Thursday, September 24, 2009

Lobster and Marlene

I think I was about 8 when my friend Marlene invited me to have dinner with her family. Marlene was a tom boy and she always smelled like grape bubblegum. I thought she was very funny and being the awkward “toothpick” that I was in those days; playing kickball with the boys was not a possibility unless I showed up with Marlene. She would always stick up for me if the boys said they didn’t want me to play- they knew she could kick the ball into outer space and they wanted her on their team. She wouldn’t play unless they let me play too. Don’t kid yourself, Marlene was nothing without me- I was her biggest cheerleader. There is also the plain fact that as much as Marlene got me in with the boys, I got her in with the girls…


Marlene had a big family, from what I can remember. She was the youngest. There was the high school-age sister, Lisa who babysat for me and my brother on rare occasions when my parents went out on the town. Lisa was fun because she never talked on the phone like all of our other sitters- best of all- she always brought Marlene over with her! We would spend the nights playing Monopoly or Scrabble which I’m sure was a blast for Lisa, since our vocabulary at that age consisted of three and four-letter words like “Cat.” Not a lot to build off of using seven Scrabble tiles.


Marlene and Lisa lived in a big white house up on a hill. There was a wrap-around porch which was screened-in and housed a table that could seat the entire family. Before my Mom and I got in the car to drop me off, I remember her on the phone with Marlene’s mom: “Ohhhhhhhhh, mmmm hmmm, how nice! Uh oh, oh, hmmm, I’m not sure, lemme ask him.” “Kaline, they’re having lobster, honey, you’ve never had that before, do you still want to go?” “Yes MOM!”


I had never had seafood before with the exception of one of my Mom’s many specialties: Fish Sticks with tartar sauce from some sea in Europe called Van de Kamp. My mother always told me in her best secret voice that my father did not like seafood, nor did he like the smell of it, so she could not cook it in the house. I must admit, my mother tried anyway. She cooked flounder in butter on her days off and we would share it for a secret lunch. Afterward, she would burn a candle and open all of the windows to get rid of the fish smell. She also cooked a lobster once. I know this because I remember it rattling around in the paper bag in the backseat of the car and heard it screaming on the grill a few hours later. I don’t know why she had a lobster or why she cooked it, I just know she did. Years later, my father told me that he couldn’t eat something that carried their house around with them- you never knew the last time they cleaned it. Well I couldn’t wait to hear what all of this seafood hype was over and was dying to try lobster. Even more important, I was going to see my friend, Marlene.
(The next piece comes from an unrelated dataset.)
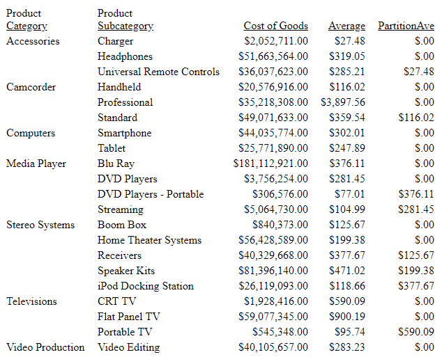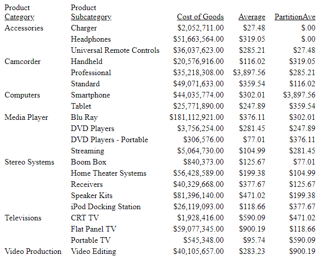 COMPUTE PartitionAve/D12.2M=PARTITION_REF(AVE.COGS_US, PRODUCT_CATEGORY, -2);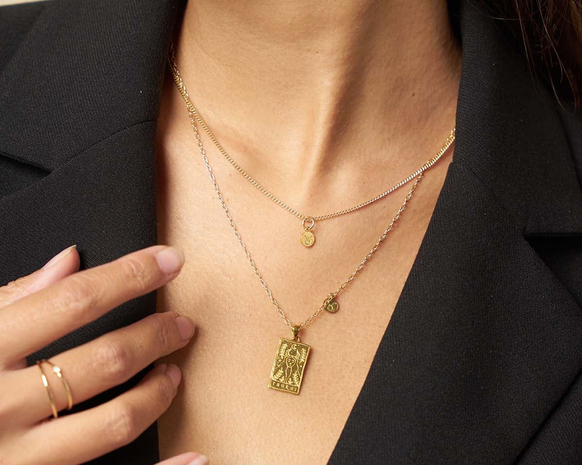 The collection features 12 pendant necklaces with a double-sided tarot-inspired star sign pendant, and a customizable mini star sign charm. Inspired by tarot cards, and the magical world of astrology, the 12 necklaces are customizable with two signs – sun and moon signs – or those with signs on the cusp.

Perhaps I should have paused at my mother’s urgency in her voice when she asked if I wanted lobster. I ate the whole thing. I even had seconds. I didn’t want to eat anything else after my first bite of lobster. I ate slowly, carefully dipping it in the melted butter provided in a tiny dish. This dinner was fancy and I felt that I should be very well-mannered. I skipped the corn on the cob. I passed on the potatoes and I was not interested in the salad. I figured lobster will do and then I will wait and see what Marlene’s mom brings out for dessert. Dessert never came out. But all of the lobster I ate did. All over the dinner table. All over Marlene’s denim skirt.


My father picked me up instead of my mother. When Dad asked me why I was crying, I told him that I was embarrassed that I vomited in front of everyone and that they probably couldn’t stomach eating dessert now. Their evening was surely ruined. My father said, “You’re probably allergic to it, just don’t eat seafood again.”


I didn’t listen. And I’m not allergic.